From the line containing "他与研究团队发现,强震不仅影" to the line containing "図画工作「ここがお気に入り」" in the records below, set down every line exactly as it stands, both ends included, and skip the pictures.

THE DATA below:

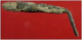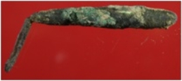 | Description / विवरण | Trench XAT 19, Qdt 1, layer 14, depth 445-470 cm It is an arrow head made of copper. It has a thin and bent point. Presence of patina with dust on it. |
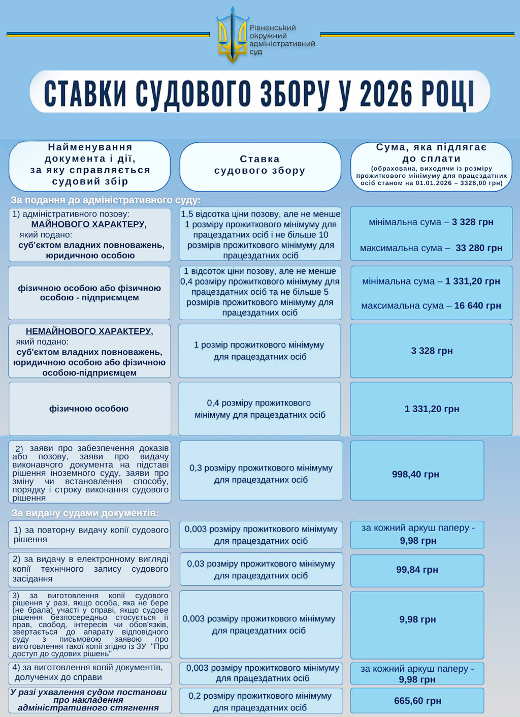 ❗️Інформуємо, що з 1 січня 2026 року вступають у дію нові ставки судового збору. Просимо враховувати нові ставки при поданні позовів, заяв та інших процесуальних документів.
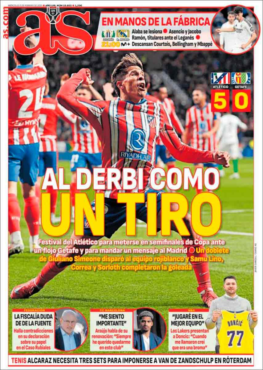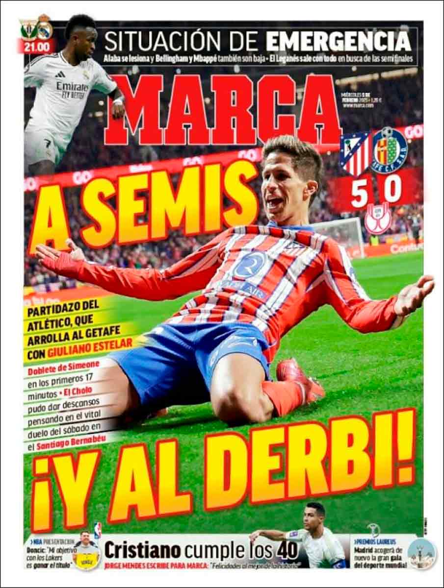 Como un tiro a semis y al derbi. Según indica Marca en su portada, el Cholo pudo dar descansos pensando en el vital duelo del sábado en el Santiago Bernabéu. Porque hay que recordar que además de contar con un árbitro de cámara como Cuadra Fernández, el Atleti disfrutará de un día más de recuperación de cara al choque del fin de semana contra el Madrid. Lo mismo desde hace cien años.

End of THE DATA.
THE DATA below:

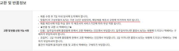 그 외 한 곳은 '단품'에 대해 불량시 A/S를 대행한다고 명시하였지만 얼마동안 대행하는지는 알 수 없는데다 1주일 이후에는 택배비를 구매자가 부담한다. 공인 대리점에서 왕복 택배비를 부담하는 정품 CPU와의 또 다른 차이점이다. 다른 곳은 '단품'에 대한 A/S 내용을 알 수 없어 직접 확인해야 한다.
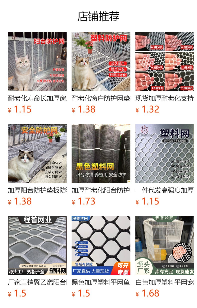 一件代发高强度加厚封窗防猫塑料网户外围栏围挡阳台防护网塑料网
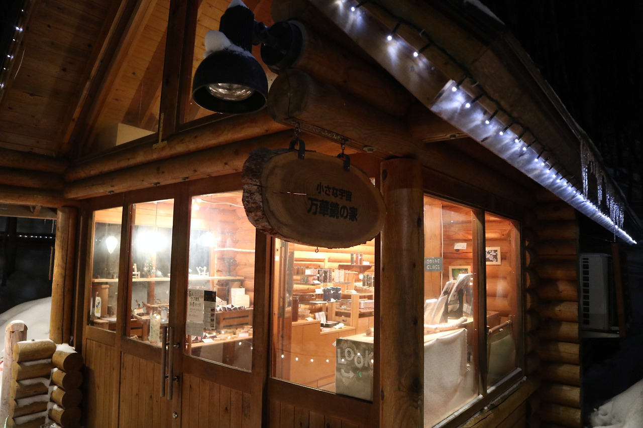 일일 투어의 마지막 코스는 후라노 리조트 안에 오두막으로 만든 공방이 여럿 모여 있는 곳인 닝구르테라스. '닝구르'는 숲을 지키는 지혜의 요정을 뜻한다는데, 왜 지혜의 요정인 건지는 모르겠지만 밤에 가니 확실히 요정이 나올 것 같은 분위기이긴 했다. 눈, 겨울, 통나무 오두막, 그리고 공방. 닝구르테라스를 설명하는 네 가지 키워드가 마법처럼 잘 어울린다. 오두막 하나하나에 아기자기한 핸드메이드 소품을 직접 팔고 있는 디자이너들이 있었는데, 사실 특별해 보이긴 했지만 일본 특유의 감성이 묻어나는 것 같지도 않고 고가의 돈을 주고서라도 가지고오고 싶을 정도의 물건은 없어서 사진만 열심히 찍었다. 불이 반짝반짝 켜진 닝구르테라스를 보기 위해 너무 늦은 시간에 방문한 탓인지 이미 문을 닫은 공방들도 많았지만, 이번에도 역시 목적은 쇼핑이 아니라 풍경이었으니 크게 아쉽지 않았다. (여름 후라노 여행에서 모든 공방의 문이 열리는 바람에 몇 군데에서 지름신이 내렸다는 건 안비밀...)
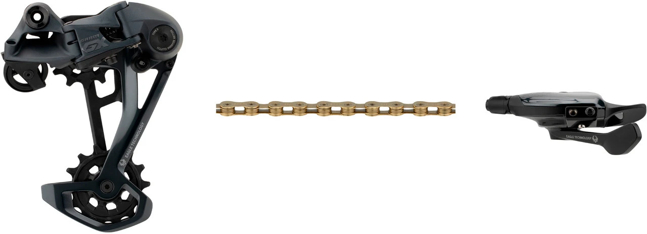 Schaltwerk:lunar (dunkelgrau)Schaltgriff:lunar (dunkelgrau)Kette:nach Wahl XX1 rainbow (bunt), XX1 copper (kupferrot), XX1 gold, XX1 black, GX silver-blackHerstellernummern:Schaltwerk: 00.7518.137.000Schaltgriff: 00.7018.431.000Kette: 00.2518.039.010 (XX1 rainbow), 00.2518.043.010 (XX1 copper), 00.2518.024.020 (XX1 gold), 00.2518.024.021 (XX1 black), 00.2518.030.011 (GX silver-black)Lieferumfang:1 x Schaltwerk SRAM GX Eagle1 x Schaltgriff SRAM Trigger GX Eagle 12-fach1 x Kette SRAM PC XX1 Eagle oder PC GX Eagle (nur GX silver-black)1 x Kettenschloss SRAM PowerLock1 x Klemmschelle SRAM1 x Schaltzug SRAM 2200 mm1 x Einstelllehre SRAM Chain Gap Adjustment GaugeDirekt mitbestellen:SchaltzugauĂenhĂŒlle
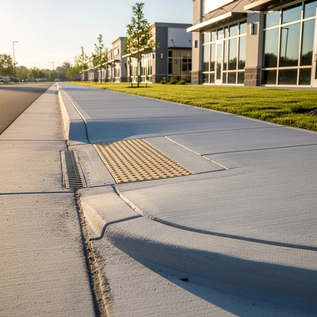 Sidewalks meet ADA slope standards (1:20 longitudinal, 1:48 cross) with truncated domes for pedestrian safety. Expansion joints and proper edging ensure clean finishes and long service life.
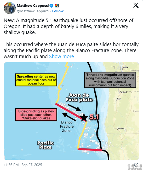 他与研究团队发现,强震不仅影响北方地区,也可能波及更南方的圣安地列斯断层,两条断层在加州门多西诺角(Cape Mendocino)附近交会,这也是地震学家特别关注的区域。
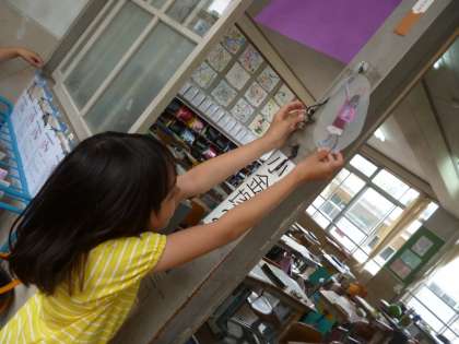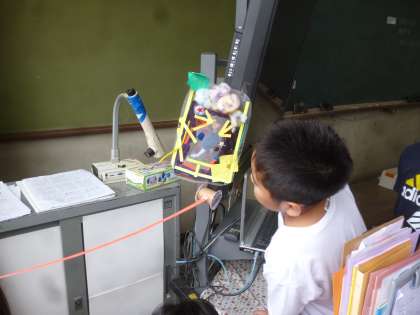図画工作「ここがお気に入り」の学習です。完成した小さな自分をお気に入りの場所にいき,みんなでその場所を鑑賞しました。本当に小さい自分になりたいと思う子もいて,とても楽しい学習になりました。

End of THE DATA.

- _PROBLEM SOLUTION_:
 他与研究团队发现,强震不仅影响北方地区,也可能波及更南方的圣安地列斯断层,两条断层在加州门多西诺角(Cape Mendocino)附近交会,这也是地震学家特别关注的区域。
図画工作「ここがお気に入り」の学習です。完成した小さな自分をお気に入りの場所にいき,みんなでその場所を鑑賞しました。本当に小さい自分になりたいと思う子もいて,とても楽しい学習になりました。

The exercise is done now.